Schuler tuning describes the fundamental functional conditions for a gyrocompass.

As first explained by Max Schuler in his classic 1923 paper, a pendulum whose period exactly equals the orbital period of a hypothetical satellite orbiting just above the surface of the earth (about 84 minutes) will tend to remain pointing at the center of the earth when its support is suddenly displaced. This is the basic principle of Schuler tuning that must be included in the design of any inertial guidance system that will be operated near the earth, such as in ships and aircraft.

Consider three hypothetical objects:

1. A simple gravity pendulum, whose length equals the radius of the earth, suspended near an enormous flat plate such that it encounters a uniform gravitational field of the same strength as that experienced by a small pendulum near the earth's surface;
2. A small body orbiting very near the surface of an airless perfect sphere the size and density of the earth;
3. A small body falling down an airless tunnel running from the North Pole to the South Pole through the center of the earth.

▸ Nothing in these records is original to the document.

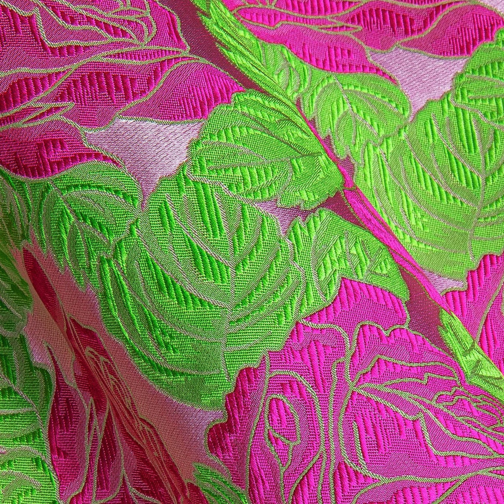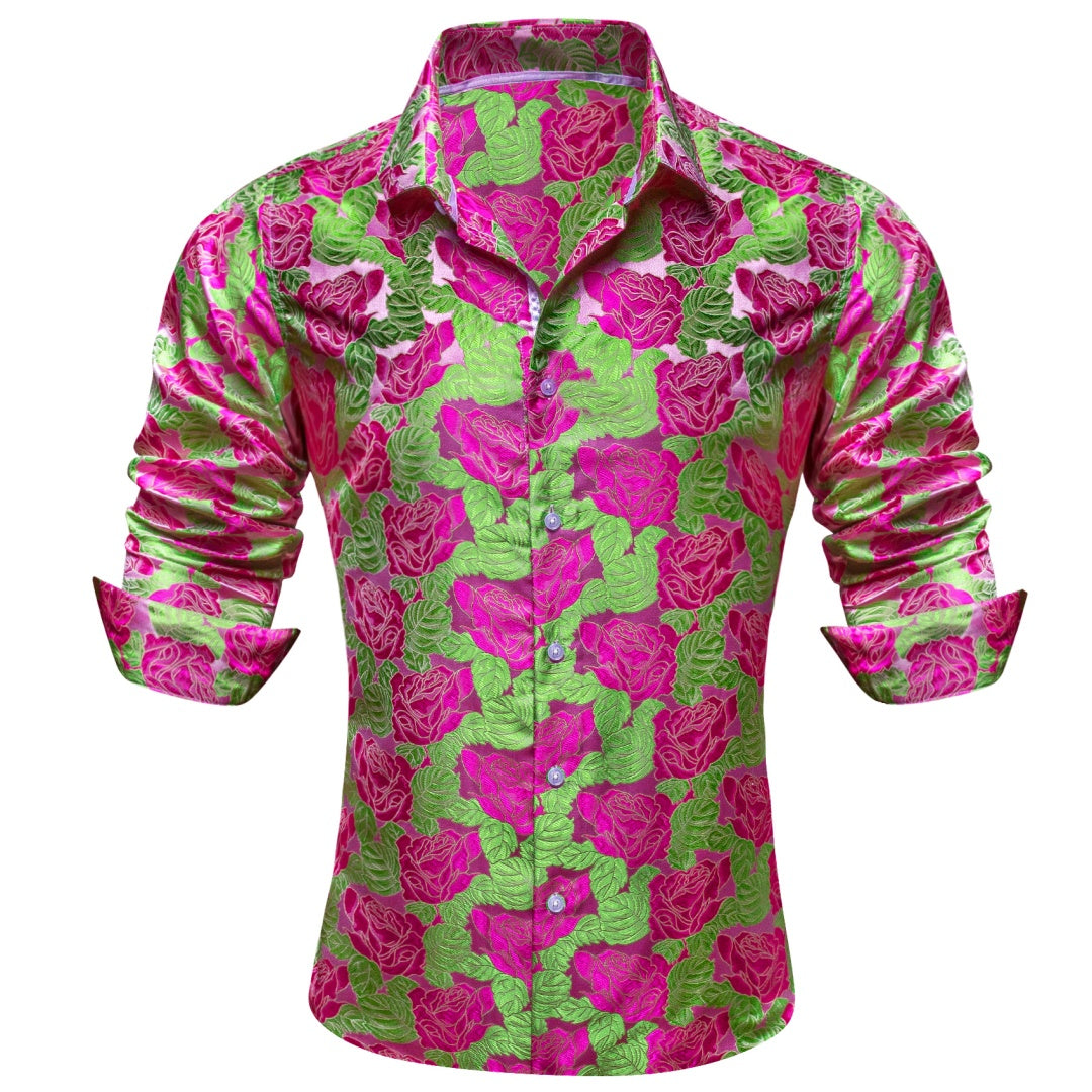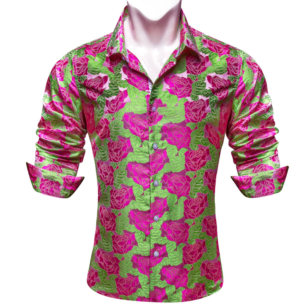 Barry. Wang Hot Pink Floral Dress Shirt Mens Green 70s Disco Button Down Long Sleeve Shirt
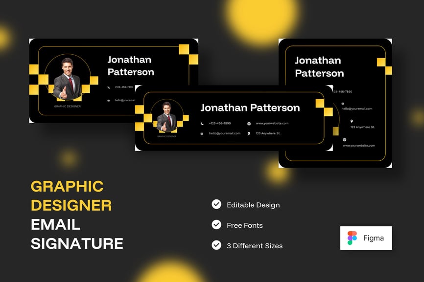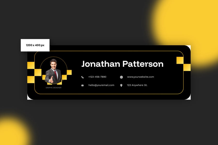 简洁专业的电子邮件签名设计,适用于商务或个人用途。一款设计提供三种不同尺寸,满足您的多种需求。现代、优雅、简洁的设计风格,令您的电子邮件签名更显专业。
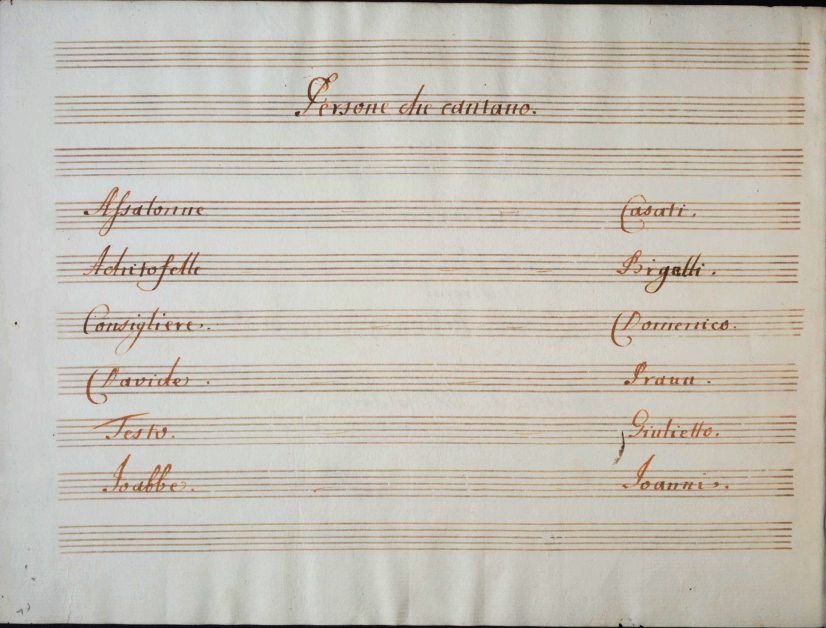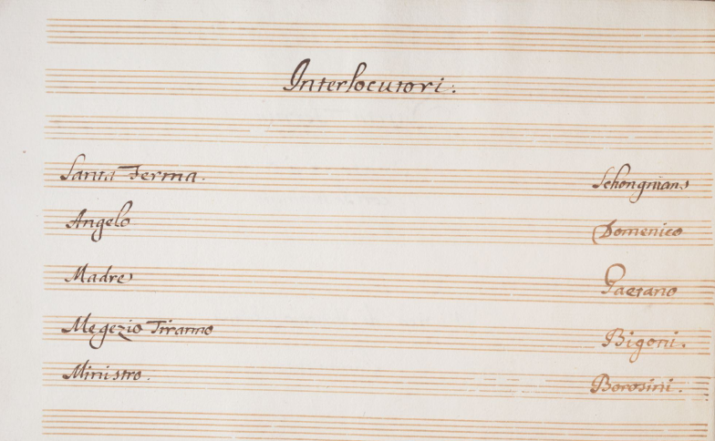 Several oratorios have a name as title. If we consider that the name carried by the oratorio is that of the title role, then we can see that in the majority of oratorios whose title is a name, the main roles have been given to altos or sopranos (Assalone, Ester, La Santa Ferma for instance). We can also refer to the role allocation page in the manuscripts, because very often the order used to make the list of characters seems to be made so that the main characters are at the top of the list, as can be seen below.
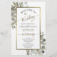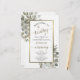 These wedding programs are elegant and tasteful, while still being budget friendly. The design features a faux foil golden frame with hand painted watercolor sprigs of pine branches and eucalyptus leaves in muted shades of sage green, grey, and gold. The typography features lacy script calligraphy, and there is room for details on the ceremony, the bridal party, and a short thank you.
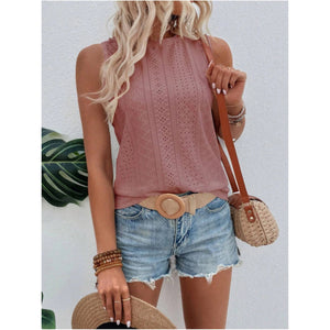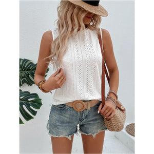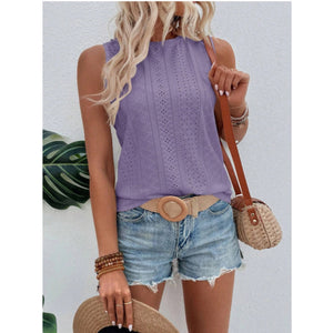Eyelet Round Neck Tank
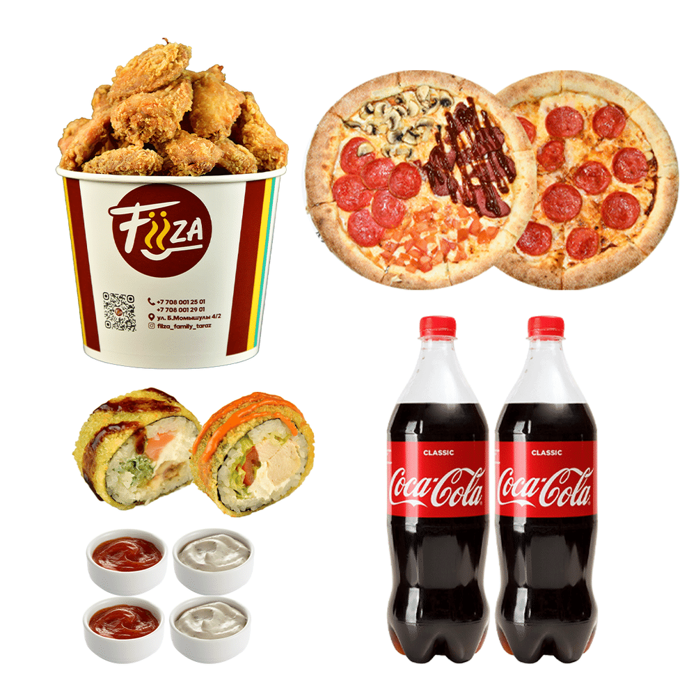 CLASSIC Крылышки 30шт. Пицца 4 сезона. Пицца пепперони. Американо с лососем 8шт. Цезарь с курицей 8шт. Соусы 2шт. Кола 1л.
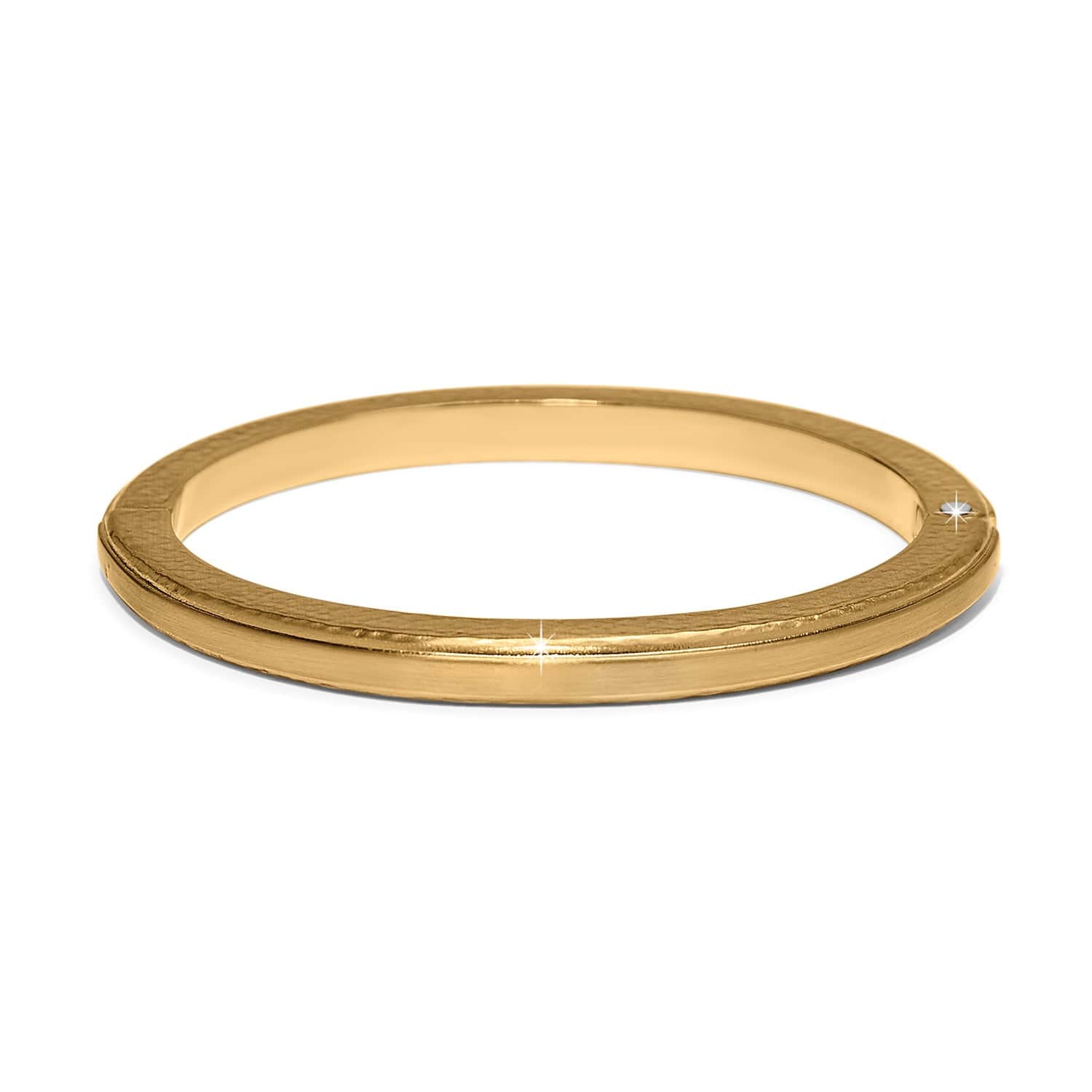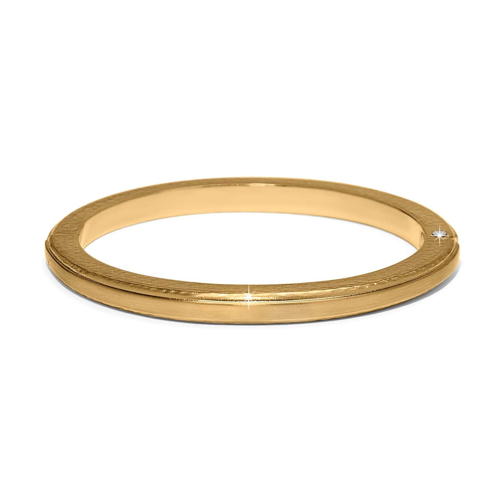 Inspired by the orbit or path the earth takes around the sun, a stunning golden bangle with stones and a brushed finish is the perfect addition to your bracelet stacks.

Each of these will have the same period: about 84 minutes -- though the third body only if the density of the earth is assumed constant (in which case its movement is a harmonic oscillation).

Schuler tuning provides the inertial platform of a navigation system with a feedback loop between its velocity output and its stabilizing gyros such that it behaves as though it were such a pendulum. This makes it remain vertical as the vehicle moves from place to place on the surface of the earth.